A Faria Lima não vai a Bolsonaro. É Bolsonaro quem vai à Faria Lima. Por Denise Assis

Atualizado em 6 de abril de 2021 às 22:18

Publicado originalmente no Jornalistas pela Democracia

Por Denise Assis

O presidente Jair Bolsonaro e o ministro da Economia, Paulo Guedes, durante cerimônia no Palácio do Planalto Foto: Evaristo Sá/AFP

Consciente de que a ladeira para um político que começa a descer, dificilmente tem o atalho para a subida, Bolsonaro tenta se agarrar a todos os recursos para enfrentar a corrida de 2022. Depois de ser alvo de uma carta com mais de 500 assinaturas de empresários e economistas com críticas contundentes à sua atuação – ou à falta de – no combate à pandemia, e a inação do seu ministro Paulo Guedes, que deixa derreter setores em que esses senhores investem, e não aprumam (só encolhem), ele apela.

De acordo com o jornalão carioca, Bolsonaro está convidando para um jantar, amanhã, em São Paulo, com cerca de 20 executivos. Um deles, Flávio Rocha, da cadeia de lojas Riachuelo, seu eleitor na eleição passada. A lista tem, ainda, nomes como o de Luiz Trabuco, do Bradesco. Alguns, porém, já anteciparam que não devem comparecer, pois estão em lockdown, preocupados – ao contrário dele – com o número assustador de mortes no país, pela doença Covid-19.

A tiracolo leva Paulo Guedes, o seu ex-posto Ipiranga, hoje um figurante sem fôlego, para explicar o imbróglio do orçamento, alvo de cortes de despesas obrigatórias para elevar em R$ 26 bilhões a emendas dos parlamentares, que o colocou numa sinuca de bico. Agora, se vetar  fica mal com a base. E se não vetar, pode ser processado.

A motivação do deslocamento de Bolsonaro até São Paulo pode ser explicada em números nada favoráveis, da pesquisa XP- Ipespe publicada hoje, e resultado do levantamento realizado nos dias 29, 30 e 31 de março. Nela o ex-presidente Luiz Inácio Lula da Silva aparece com 29% das intenções de votos, enquanto o atual ocupante da cadeira, 28%. Na pesquisa anterior, Bolsonaro estava à frente com 27%, e Lula com 25%. O dado mais preocupante é o da sua rejeição, que continua crescendo. Em outubro eram 31% os que consideravam o governo atual ruim ou péssimo; agora esse número saltou para 48%. No mesmo período, o número dos que avaliam o governo Bolsonaro como ótimo ou bom caiu de 39% para 27%. Isto, sem contar a avaliação do seu desempenho frente à pandemia, hoje na casa dos 60% de ruim e péssimo.

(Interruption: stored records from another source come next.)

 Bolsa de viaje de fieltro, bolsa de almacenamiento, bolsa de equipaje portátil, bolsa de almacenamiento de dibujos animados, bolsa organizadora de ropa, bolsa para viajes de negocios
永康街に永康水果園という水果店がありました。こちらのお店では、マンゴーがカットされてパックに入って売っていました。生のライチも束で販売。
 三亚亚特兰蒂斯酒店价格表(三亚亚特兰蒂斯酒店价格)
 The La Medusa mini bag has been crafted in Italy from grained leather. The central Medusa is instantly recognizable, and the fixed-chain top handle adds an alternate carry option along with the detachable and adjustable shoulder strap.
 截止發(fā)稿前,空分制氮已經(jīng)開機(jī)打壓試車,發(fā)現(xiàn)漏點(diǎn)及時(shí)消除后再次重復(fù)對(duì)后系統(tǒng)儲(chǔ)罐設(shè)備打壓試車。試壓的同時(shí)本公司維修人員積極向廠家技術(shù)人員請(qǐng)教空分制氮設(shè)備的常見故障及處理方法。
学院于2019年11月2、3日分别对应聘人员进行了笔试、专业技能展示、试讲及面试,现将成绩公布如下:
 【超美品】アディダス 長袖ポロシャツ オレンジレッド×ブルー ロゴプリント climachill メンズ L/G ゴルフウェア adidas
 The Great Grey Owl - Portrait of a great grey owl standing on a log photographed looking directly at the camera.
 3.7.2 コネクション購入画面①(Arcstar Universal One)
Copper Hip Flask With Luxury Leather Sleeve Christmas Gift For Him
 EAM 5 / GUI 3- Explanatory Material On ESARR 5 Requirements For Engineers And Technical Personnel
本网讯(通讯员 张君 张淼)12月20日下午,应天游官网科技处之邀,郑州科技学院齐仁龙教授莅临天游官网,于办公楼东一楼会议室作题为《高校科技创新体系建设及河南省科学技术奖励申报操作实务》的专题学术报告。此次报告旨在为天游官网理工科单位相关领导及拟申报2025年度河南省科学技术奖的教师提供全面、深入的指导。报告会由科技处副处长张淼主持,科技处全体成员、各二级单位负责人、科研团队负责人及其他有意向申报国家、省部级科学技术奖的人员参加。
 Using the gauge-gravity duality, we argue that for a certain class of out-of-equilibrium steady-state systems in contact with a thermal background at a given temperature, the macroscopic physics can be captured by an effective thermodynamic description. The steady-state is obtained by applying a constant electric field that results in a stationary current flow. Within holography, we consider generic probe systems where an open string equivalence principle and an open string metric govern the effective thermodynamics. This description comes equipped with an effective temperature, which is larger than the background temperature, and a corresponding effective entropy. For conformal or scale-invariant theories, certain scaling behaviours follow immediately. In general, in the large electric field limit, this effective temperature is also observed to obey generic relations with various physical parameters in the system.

O esforço de Bolsonaro de ir atrás dos empresários pode até fazer efeito para a turma dele, concentrada no “Centrão” e os tais 14% de radicais. Porém, a julgar pela disposição já demonstrada na carta tornada pública, o grupo do empresariado já se lançou à árdua tarefa de buscar a tal da “terceira via”, seja lá o que vão conseguir construir a partir das teorias de Giddens. (Anthony Giddens, respeitado acadêmico que exerceu uma grande influência no Partido Trabalhista Britânico e que escreveu uma obra intitulada Para além da esquerda e da direita. , onde afirma que estas duas forças políticas estão ultrapassadas e propõe o que ele chama de “terceira via”, um caminho intermediário entre o neoliberalismo (direita) e o socialismo (esquerda) – incluindo aí uma das ramificações do socialismo, a chamada “social-democracia”). No livro, Giddens define a terceira via como “uma tentativa de transcender tanto a social-democracia do velho estilo quanto o neoliberalismo”.

Bolsonaro jamais deve ter ouvido falar em Giddens, mas sabe o que é o instinto de sobrevivência. Por isto faz o gesto desesperado de buscar os senhores da Faria Lima, que ele vê rumarem atrás dos nomes que podem compor a tal “terceira via”. Esses, já o abandonaram há um tempo e fizeram questão de tornar público o desembarque.

É possível que o encontro não dê quórum ou, ainda que aconteça, não resulte em nada além de gestos cordiais. Afinal, o que a pesquisa da XP-Ipespe deixa claro, é que  o país descobre, a cada dia, quem foi o culpado pela não compra de vacinas e quem é o “agricultor” de novas cepas da Covid-19, com o seu descaso pela doença. E quem quer apostar num candidato em queda?